Word‑of‑mouth loops also matter. Community spaces are full of comparisons with Escape from Tarkov, The Finals, Battlefield, and Call of Duty, and the tone is often that Arc Raiders feels both easier to approach and more replayable than many competitors. For a player on the fence, those sentiments can be as persuasive as raw numbers on a chart.
How “popular in 2025” Arc Raiders actually is
When someone asks whether Arc Raiders is “still popular,” the concurrency numbers provide a clear answer. Hundreds of thousands of players are online concurrently on Steam, with a total cross‑platform peak over 700,000. Monthly active user counts in the hundreds of thousands for Steam alone show that this is not just a launch‑weekend bump.
The more interesting question is how long that can last. Several forces are working in its favor: the late‑year release that runs into the holiday season, Black Friday and other sales windows that make a $40 game attractive as a gift, and an explicit “10‑year game” positioning from Embark that implies a long‑term content roadmap.
That combination is why many observers see a ceiling of at least 500,000 concurrent players on Steam and potentially around a million concurrent players across all platforms as realistic rather than wishful thinking. The game is already operating in a tier where only a handful of premium, non‑battle‑royale shooters ever arrive.
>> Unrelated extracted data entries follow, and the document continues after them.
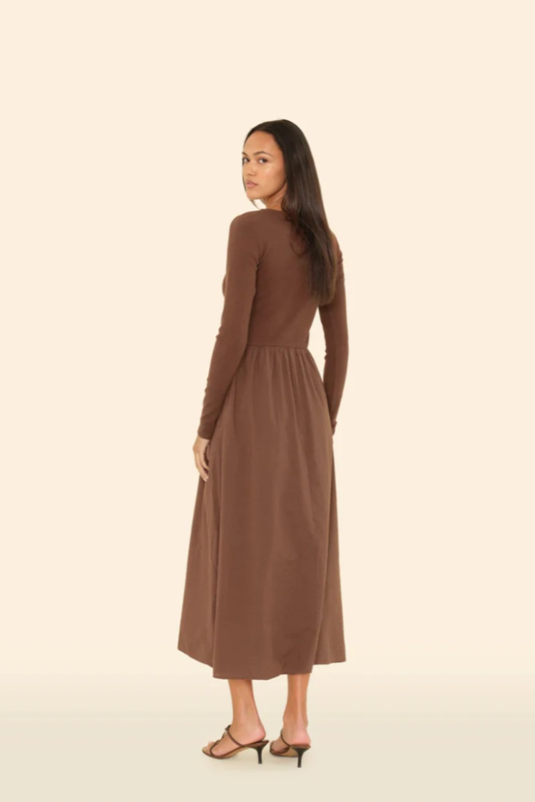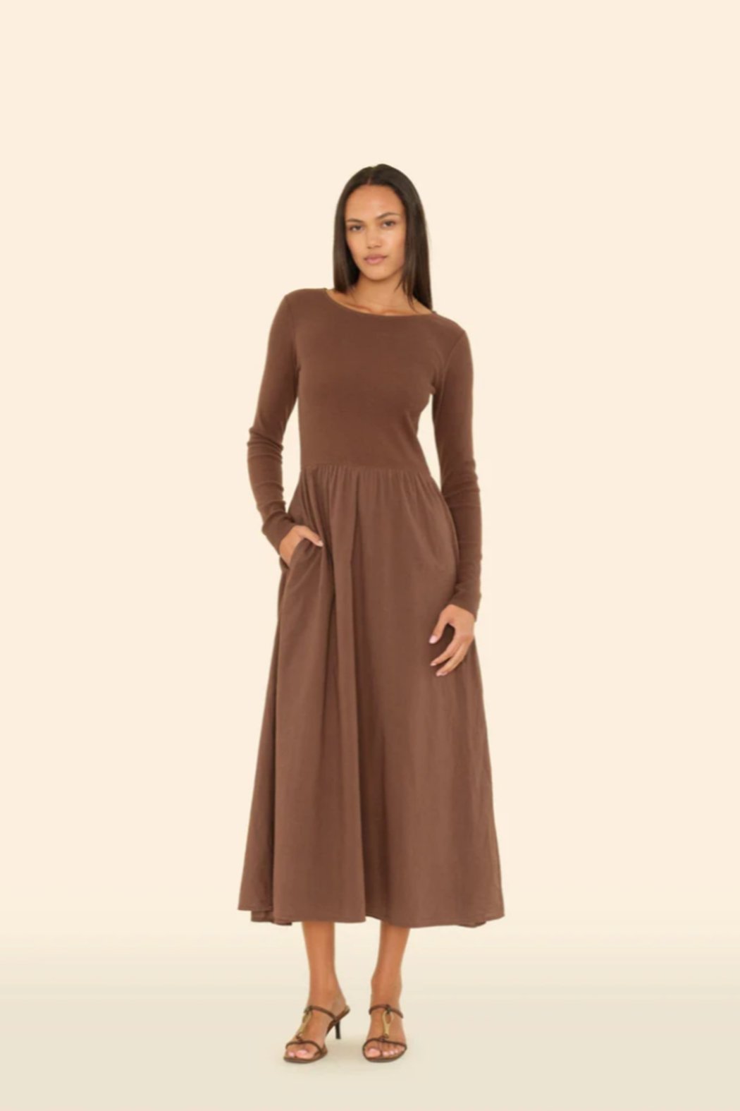 Best of Both Worlds. Zandra is new this season in our classic lightweight woven cotton poplin for a lived-in look and feel. This long sleeve maxi dress is lined and features a contrast cotton rib knit top, full skirt, and side seam pockets.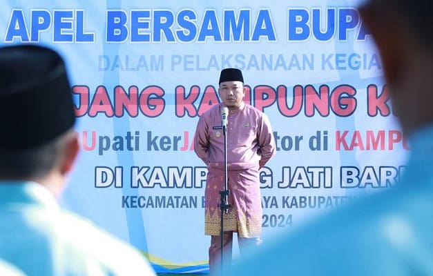 Siak | Riauindependen.co.id | Pemerintah Kabupaten Siak dalam hal ini di wakili oleh Wakil Bupati Husni Merza menjadi pembina apel pagi bersama dalam program andalannya Bujang Kampung (Bupati Ngantor dan Bekerja di Kampung), sudah ke 108 di halaman kantor penghulu kampung Jati Baru Kecamatan Bungaraya, Jumat (5/7/2024).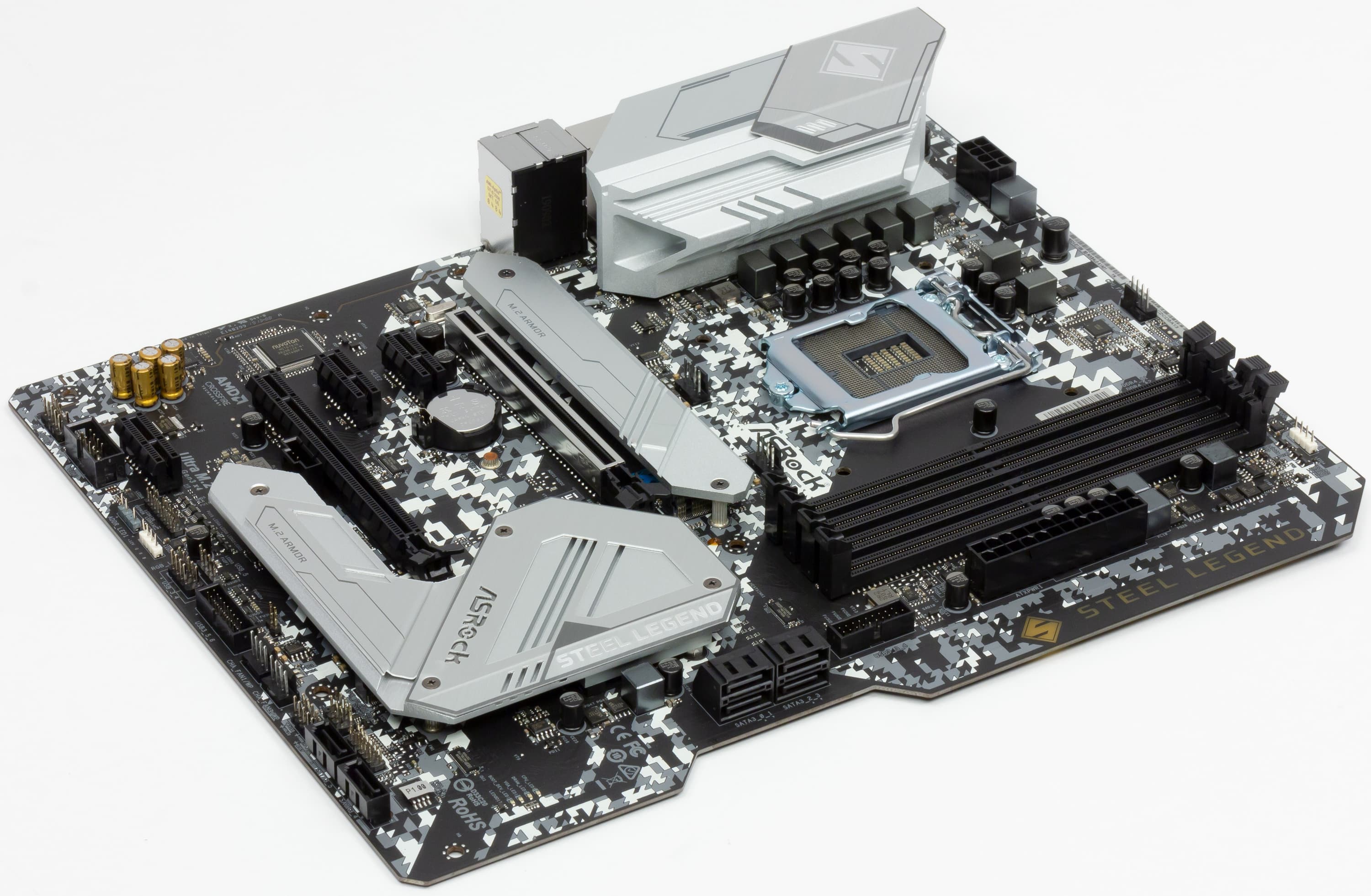 Имеется относительно бюджетная серия — Pro, где возможности топовых чипсетов представлены по минимуму, то есть без наворотов. И между Phantom Gaming и Pro неким особняком стоит серия Steel Legend («Стальная Легенда»). Ну вот как-то очень тяжело сформулировать — чем же она отличается от «Фантомов» и чем круче, нежели «Про». Да, маркетологи постарались нарисовать схему типа «надежная, как сталь, но и не сверкает как более дорогие металлы». Короче, серия Steel Legend позиционируется также для геймеров, но которым не нужны «выпендрежи» типа разгонов, крутых сетевых адаптеров и т. д., а чтобы компьютер служил долго, работал стабильно, ну и хорошо охлаждался.

For anyone trying to decide whether to jump in, the headline is simple: Arc Raiders is busy. Matchmaking has the kind of volume that keeps lobbies full, Steam peaks are brushing against the 500,000 mark, and console players are clearly a major part of the 700,000‑plus cross‑platform record. For a new extraction shooter that charges an upfront price, that is as clear a signal of health as it gets.